I'm not sure what they're called either, but when I need a term I tend to use the phrase equality bounds. One could perhaps be more specific and say "equality bounds on associated types..." but currently those are the only types of equality bounds that exist.

Some various notes and tricks related to them:

1. They're required for trait objects (a.k.a. dynamic dispatch). While I can only theorize (because I am too lazy to go on an archaeology hunt!), I imagine this is the reason why it was deemed so important to support these constraints on associated types, even if they are not supported anywhere else.

2. They can be used in impls to "name" intermediate types.

Consider the following function body

|a, b| { a + b + b + b }

Let's say that for some dumb reason we needed a function with the most general signature possible for this implementation.

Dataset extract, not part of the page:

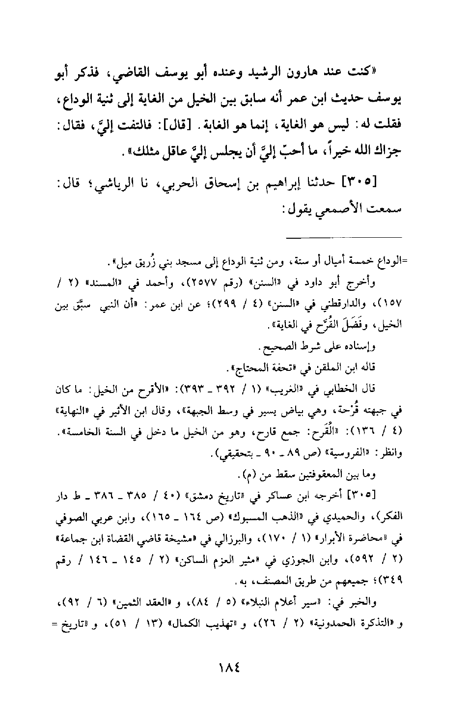 305 - حَدَّثَنَا إِبْرَاهِيمُ بْنُ إِسْحَاقَ الْحَرْبِيُّ، نَا الرِّيَاشِيُّ، قَالَ: سَمِعْتُ الْأَصْمَعِيَّ يَقُولُ: -[185]- دَخَلَ عَطَاءُ بْنُ أَبِي رَبَاحٍ عَلَى عَبْدِ الْمَلِكِ بْنِ مَرْوَانَ وَهُوَ جَالِسٌ عَلَى سَرِيرٍ وَحَوَالَيْهِ الْأَشْرَافُ مِنْ كُلِّ بَطْنٍ، وَذَلِكَ بِمَكَّةَ فِي وَقْتِ حَجِّهِ فِي خِلَافَتِهِ، فَلَمَّا بَصُرَ بِهِ قَامَ إِلَيْهِ، فَسَلَّمَ عَلَيْهِ وَأَجْلَسَهُ مَعَهُ عَلَى السَّرِيرِ، وَقَعَدَ بَيْنَ يَدَيْهِ، وَقَالَ لَهُ: يَا أَبَا مُحَمَّدٍ! حَاجَتُكَ؟ فَقَالَ: يَا أَمِيرَ الْمُؤْمِنِينَ! اتَّقِ اللهَ فِي حَرَمِ اللهِ وَحَرَمِ رَسُولِهِ؛ فَتَعَاهَدَهُ بِالْعِمَارَةِ، وَاتَّقِ اللهَ فِي أَوْلَادِ الْمُهَاجِرِينَ وَالْأَنْصَارِ؛ فَإِنَّكَ بِهِمْ جَلَسْتَ هَذَا الْمَجْلِسَ، وَاتَّقِ اللهَ فِي أَهْلِ الثُّغُورِ؛ فَإِنَّهُمْ حِصْنٌ لِلْمُسْلِمِينَ، وَتَفَقَّدْ أُمُورَ الْمُسْلِمِينَ؛ فَإِنَّكَ وحدك المسؤول عَنْهُمْ، وَاتَّقِ اللهَ فِيمَنْ عَلَى بَابِكَ؛ فَلَا تَغْفُلْ عَنْهُمْ وَلَا تُغْلِقْ دُونَهُمْ بَابَكَ. فَقَالَ لَهُ: أَفْعَلُ. ثُمَّ نَهَضَ وَقَامَ؛ فَقَبَضَ عَلَيْهِ عَبْدُ الْمَلِكِ، فَقَالَ: يَا أَبَا مُحَمَّدٍ! إِنَّمَا سَأَلْتَ حَوَائِجَ غَيْرِكَ وَقَدْ قَضَيْنَاهَا؛ فَمَا حَاجَتُكَ؟ فَقَالَ: ما لي إِلَى مَخْلُوقٍ حَاجَةٌ. ثُمَّ خَرَجَ. فَقَالَ عَبْدُ الْمَلِكِ: هَذَا وَأَبِيكَ الشَّرَفُ، هَذَا وَأَبِيكَ السُّؤْدُدُ.

What would that look like? Well, I guess something like this:


fn add_b_three_times<A, B>(a: A, b: B)
    -> <<<A as Add<B>>::Output as Add<B>>::Output as Add<B>>::Output
where
    B: Copy,
    A: Add<B>,
    <A as Add<B>>::Output: Add<B>,
    <<A as Add<B>>::Output as Add<B>>::Output: Add<B>,
{ a + b + b + b }

But woah nelly is that ugly! I sure wouldn't wanna deal with that!

However, if you were to put this function into a trait, then you can add as many extra type parameters as you want to your impl to represent all the Output types, constraining them via equality:

trait Add3Times<B> {
    type Output;
    fn add_three_times(self, b: B) -> Self::Output;
}

impl<A, B, AB, ABB, ABBB> Add3Times<B> for A
where
    B: Copy,
    A: Add<B, Output=AB>,
    AB: Add<B, Output=ABB>,
    ABB: Add<B, Output=ABBB>,
{
    type Output = ABBB;
    
    fn add_three_times(self, b: B) -> Self::Output
    { self + b + b + b }
}

as you can see, not only has our awfully useless function nearly doubled in code size for no apparent increase in utility, but if you squint really hard, you might find that it is also now possibly a smidge cleaner.

2 Likes

Can you explain this example a little more? It is really interesting to me. I just cannot follow the abstraction/generalization all the way. Thank you!

With pleasure! Although for full disclosure, I was mostly joking. (Only mostly, because I know I have done this at least once in my own code.)


The problem

So, I guess I should first give a real-ish example of where stuff like this might show up. It might seem weird for me to be talking about "the type of a + b + b + b," as one think, isn't it just the type of a? The answer to this is, no, not always.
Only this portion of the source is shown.